> What the task asks
Starting with the line that holds "熊本大学教育学部の松永先生に" and stopping after the line that holds "Для инсталляции WordPress, переходим", repeat the lines below word for word, without the pictures.

> Input data
*****
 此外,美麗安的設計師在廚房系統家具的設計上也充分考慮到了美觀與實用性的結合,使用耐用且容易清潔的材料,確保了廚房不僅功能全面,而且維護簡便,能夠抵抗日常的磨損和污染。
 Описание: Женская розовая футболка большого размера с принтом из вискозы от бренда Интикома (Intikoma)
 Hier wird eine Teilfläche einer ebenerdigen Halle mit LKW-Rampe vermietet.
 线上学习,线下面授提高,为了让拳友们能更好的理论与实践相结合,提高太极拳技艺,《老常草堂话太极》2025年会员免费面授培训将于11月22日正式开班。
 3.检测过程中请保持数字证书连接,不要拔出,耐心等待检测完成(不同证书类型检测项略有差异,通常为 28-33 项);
*****
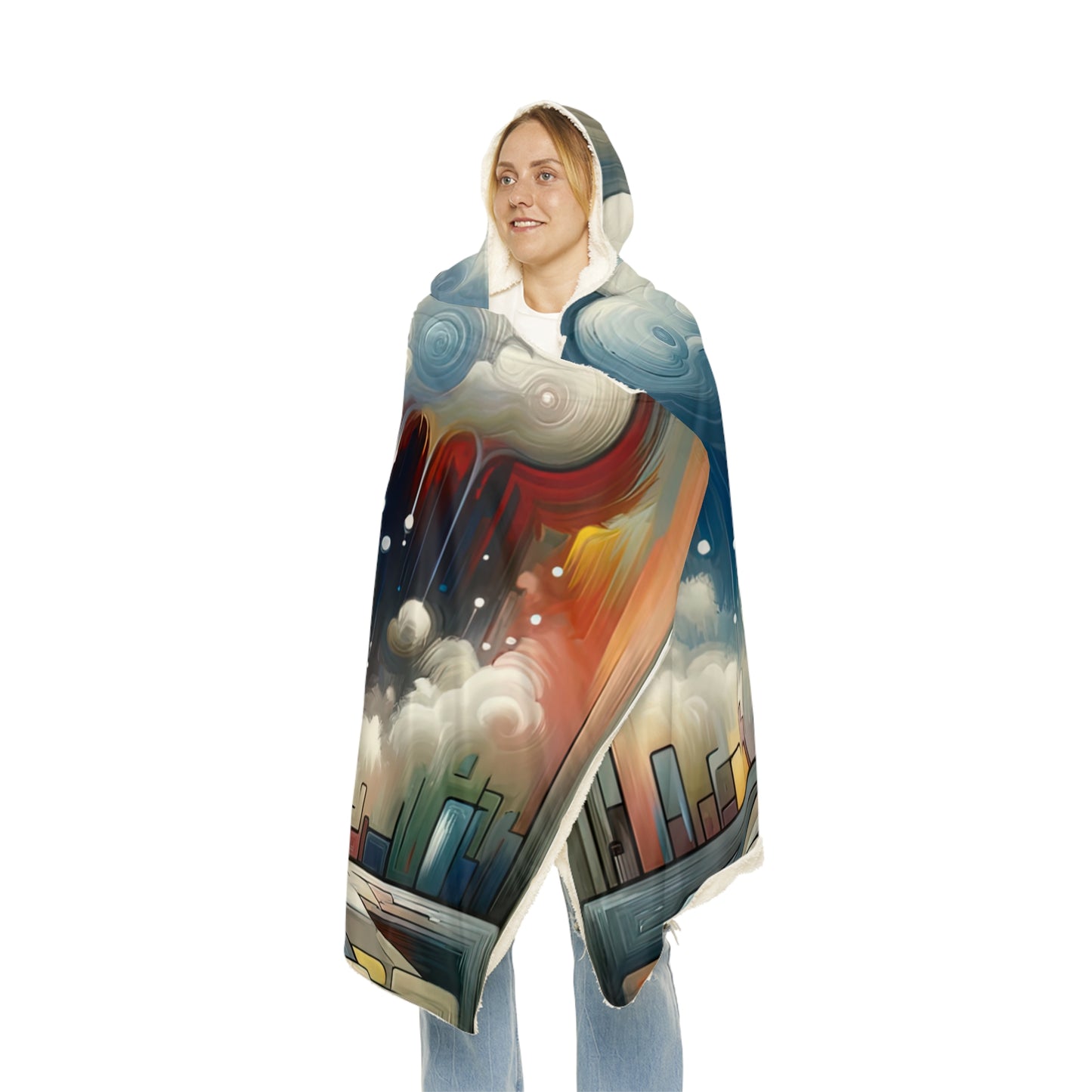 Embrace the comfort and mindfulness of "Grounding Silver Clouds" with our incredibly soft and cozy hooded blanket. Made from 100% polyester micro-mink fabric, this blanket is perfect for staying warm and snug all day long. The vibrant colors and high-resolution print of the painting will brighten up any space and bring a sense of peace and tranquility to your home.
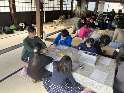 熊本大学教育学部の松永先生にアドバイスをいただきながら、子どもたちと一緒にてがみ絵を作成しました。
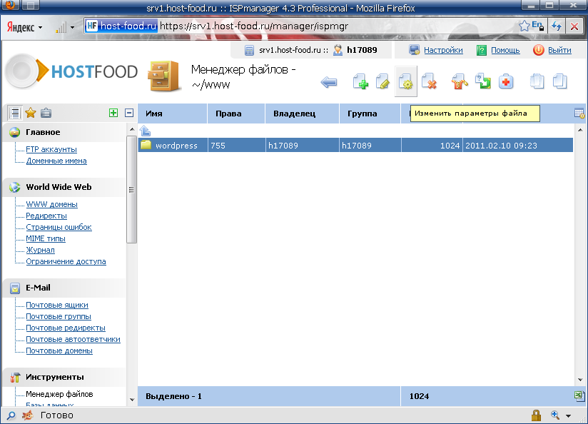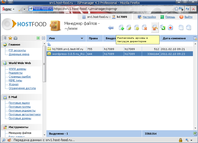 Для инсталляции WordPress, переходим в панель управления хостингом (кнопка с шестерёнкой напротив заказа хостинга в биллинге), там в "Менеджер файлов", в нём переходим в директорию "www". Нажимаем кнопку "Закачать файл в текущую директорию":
*****
> Response area
 熊本大学教育学部の松永先生にアドバイスをいただきながら、子どもたちと一緒にてがみ絵を作成しました。
 Для инсталляции WordPress, переходим в панель управления хостингом (кнопка с шестерёнкой напротив заказа хостинга в биллинге), там в "Менеджер файлов", в нём переходим в директорию "www". Нажимаем кнопку "Закачать файл в текущую директорию":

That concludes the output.